His second attempt back on the job has small intentions. He leisurely strolls the streets in full scuba get-up looking for a lost cat named "Mr. Bitey," asking pedestrians if they'd seen the feline. An innocent cat hunt eventually sends him face-first into the type of crime he was actually planning on fighting against to begin with in the parking lot of a shady diner. Three gangster assholes beating the living daylights out of one unarmed sorry fellow. Bring on the green batons. An enthusiastic Asian boy in the diner sees this (clustermuck of what is now two against three) and starts filming on his cell phone. Who is he? "I'm Kick-Ass!" he tells the boy. Huzzah!
The video winds up on YouTube (shocking) and is the most-viewed video on the Internet. Kick-Ass gets nationwide coverage on the news with nary a hair of arrogant ego atop his head. He is humbled.

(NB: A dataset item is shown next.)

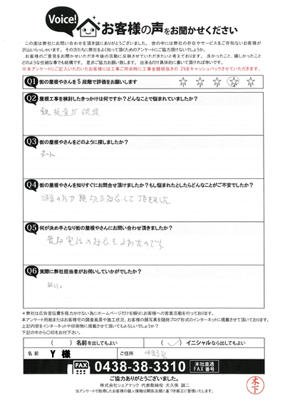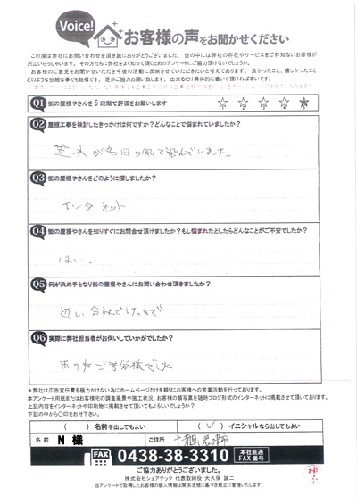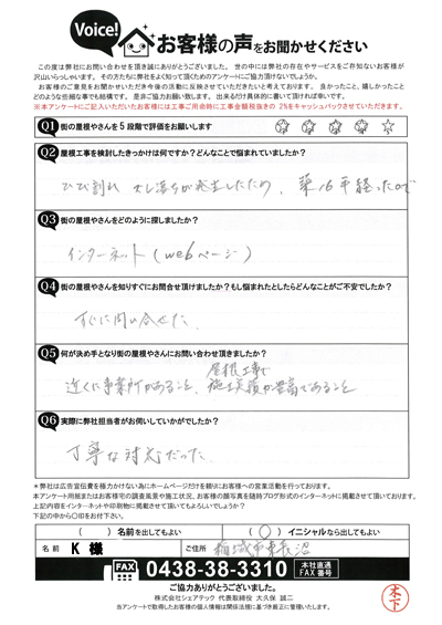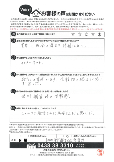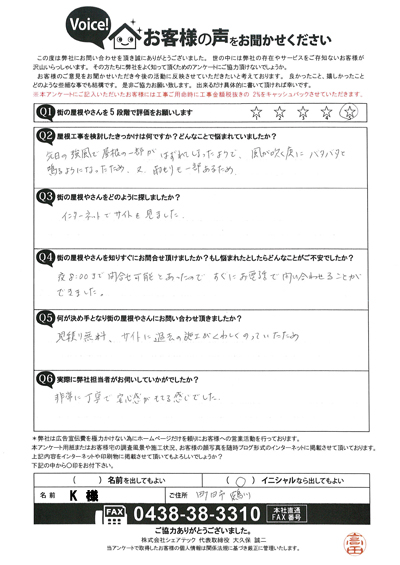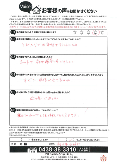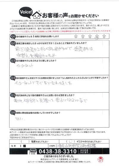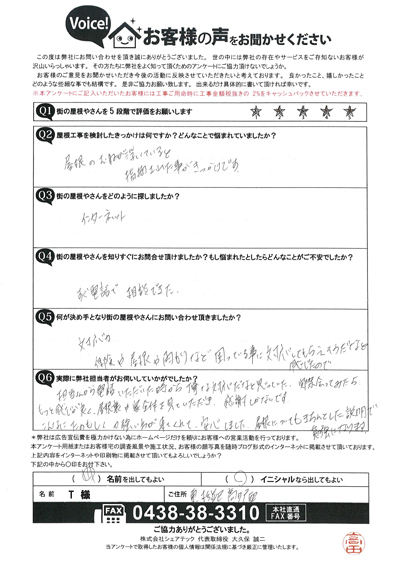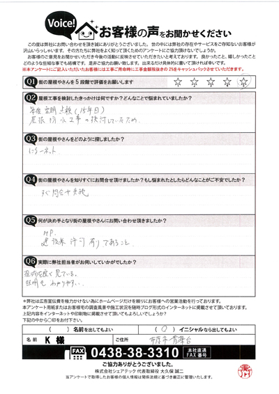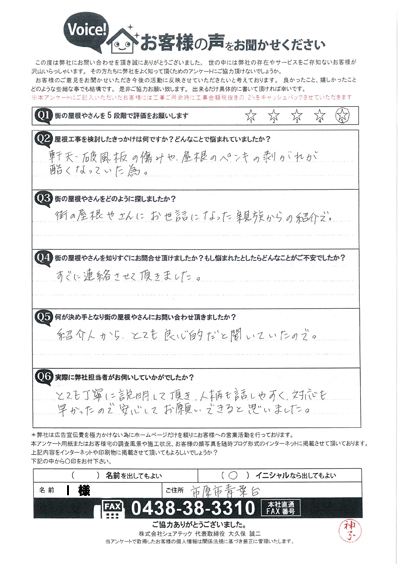 遮熱塗料のサーモアイの色で屋根塗装、木更津市江川H様の工事後アンケート

Enter Big Daddy and Hit Girl. Now let me be the first to announce: Welcome back to the conversation, Nicolas Cage! The man was born to play the father and sidekick of his potty-mouthed, knife-skilled daughter, played to the extreme by 12-year-old Chloe Grace Moretz. I'm pretty sure her first fight scene introduction caused a few mother's jaws to drop at the sight of a small girl saying the C-word with intelligence and purpose (but rightfully so, I might add). It sent the audience in a victorious uproar, what a football stadium would sound like after a touchdown. Bad-assery accomplished. And then some.
I honestly think there is not one, but several climaxes in this film towards the end. Kick-Ass's duties continue to build in importance and tension and obligation once Red Mist (Christopher Mintz-Plasse) comes willingly to his side, but not for the right reasons. I must award Christopher in his first role as a guy I want to have raped in prison for his conniving ways to help his drug lord father get a hold of Kick-Ass so he can literally execute him on live television. The bad guy of all bad guys is convinced Kick-Ass killed half his fleet of men and attempts to stage him into a trap with his son's help as Red Mist. That anger isn't just you, it's the hate-o-meter rising.
I must warn you, there is a substantial amount of fat, juicy gore and eeriness enough to satisfy your movie violence needs. It even goes into overkill to the point where I had to look off screen at some points. My bellybutton actually sank backwards. I was saturated with, Oh, God, please no... ugh... just-just stop. Plenty of realistic looking war wounds and bruises to make you wince with sympathetic pain. You can actually feel your cheeks buzzing with every brass-knuckled punch to the face. But, hey, I mean, if that's your thing....
On another note, the overall soundtrack is perfection. I immediately bought the thing on iTunes the moment I returned home. It's hard guitar melodies mixed with synths and drums and the perfect escalations here and there to get your heart swelling ten times its size.
I give this movie a solid "Eff yeah!" and would indeed compare it to other marvelous comic book films like The Dark Knight (yeah, I said it). I invite you to enter into the amazingly operatic world of Kick-Ass without an ounce of regret.